*The data*
______
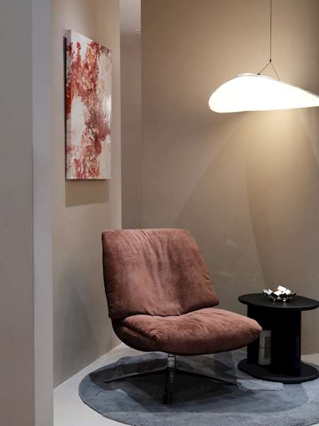 Its silhouette is simple yet striking, combining a sense of lightness with sculptural presence. From the back, the broad, soft
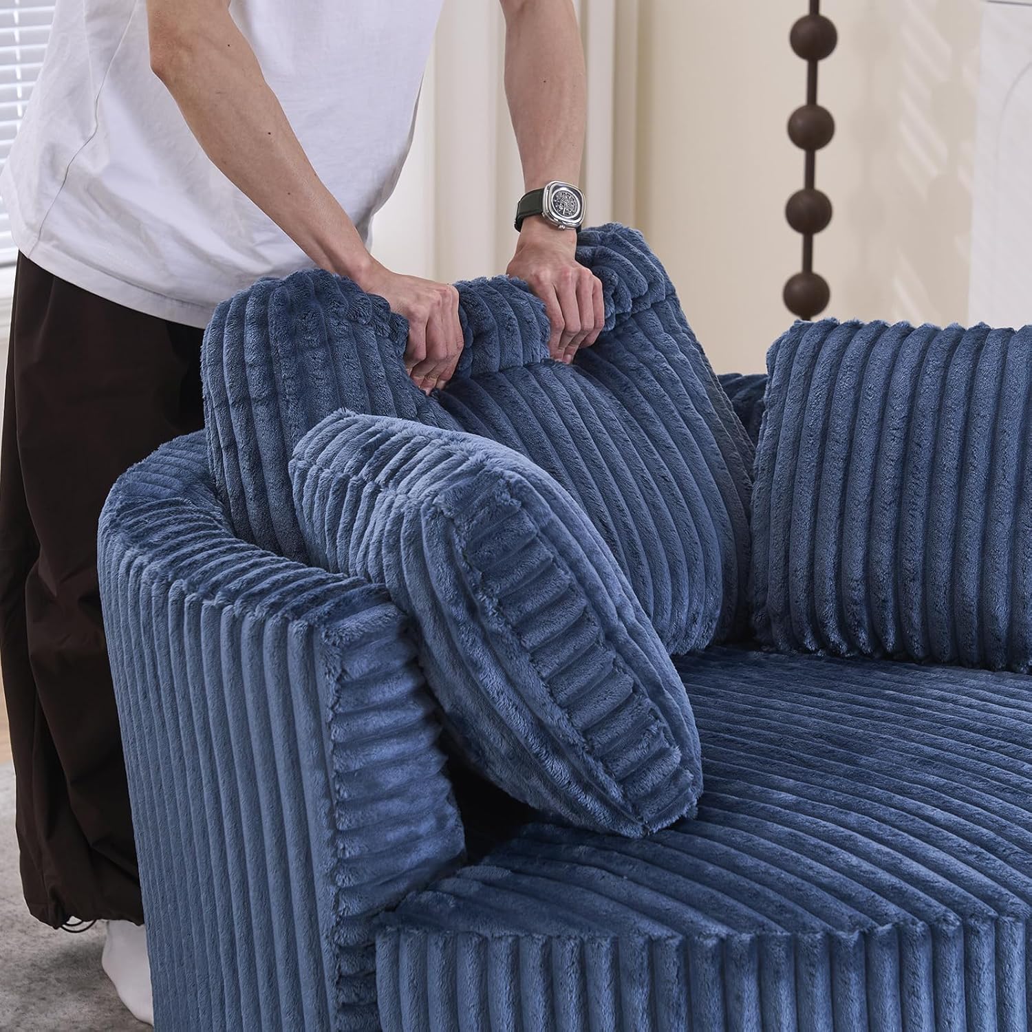 360-Degree Swivel Accent Chair Plush Corduroy & Foam-Filled Chaise Lounge Chair for Indoor Living Room & Bedroom, 40" Oversized Modern Design Round Barrel Chair, Comfortable Seating, Blue
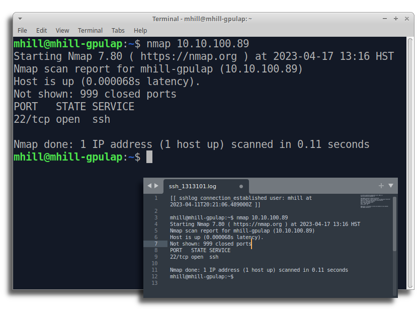 mhill@devlaptop:~$ sshlog attach [TTY ID]
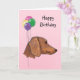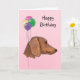 Cartões de aniversário personalizados relacionados ao Dachshund usando balões com pinturas originais únicas de óleo, desenhos adicionados a designs digitais. PARA PERSONALIZAR OU ALTERAR O TIPO DE ALTERAÇÃO OU O ESQUEMA DE COR DO DESIGN * ADICIONAR A IMAGEM FAVORITA * ADICIONAR, ALTERAR TEXTO OU EXCLUIR PARA DEIXAR O VAZIO.
______
*Task requirements*
The lines to copy run from the one with "360-Degree Swivel Accent" through the end of the material. Write them out exactly, leaving out the pictures.

*Exercise response*
 360-Degree Swivel Accent Chair Plush Corduroy & Foam-Filled Chaise Lounge Chair for Indoor Living Room & Bedroom, 40" Oversized Modern Design Round Barrel Chair, Comfortable Seating, Blue
 mhill@devlaptop:~$ sshlog attach [TTY ID]
 Cartões de aniversário personalizados relacionados ao Dachshund usando balões com pinturas originais únicas de óleo, desenhos adicionados a designs digitais. PARA PERSONALIZAR OU ALTERAR O TIPO DE ALTERAÇÃO OU O ESQUEMA DE COR DO DESIGN * ADICIONAR A IMAGEM FAVORITA * ADICIONAR, ALTERAR TEXTO OU EXCLUIR PARA DEIXAR O VAZIO.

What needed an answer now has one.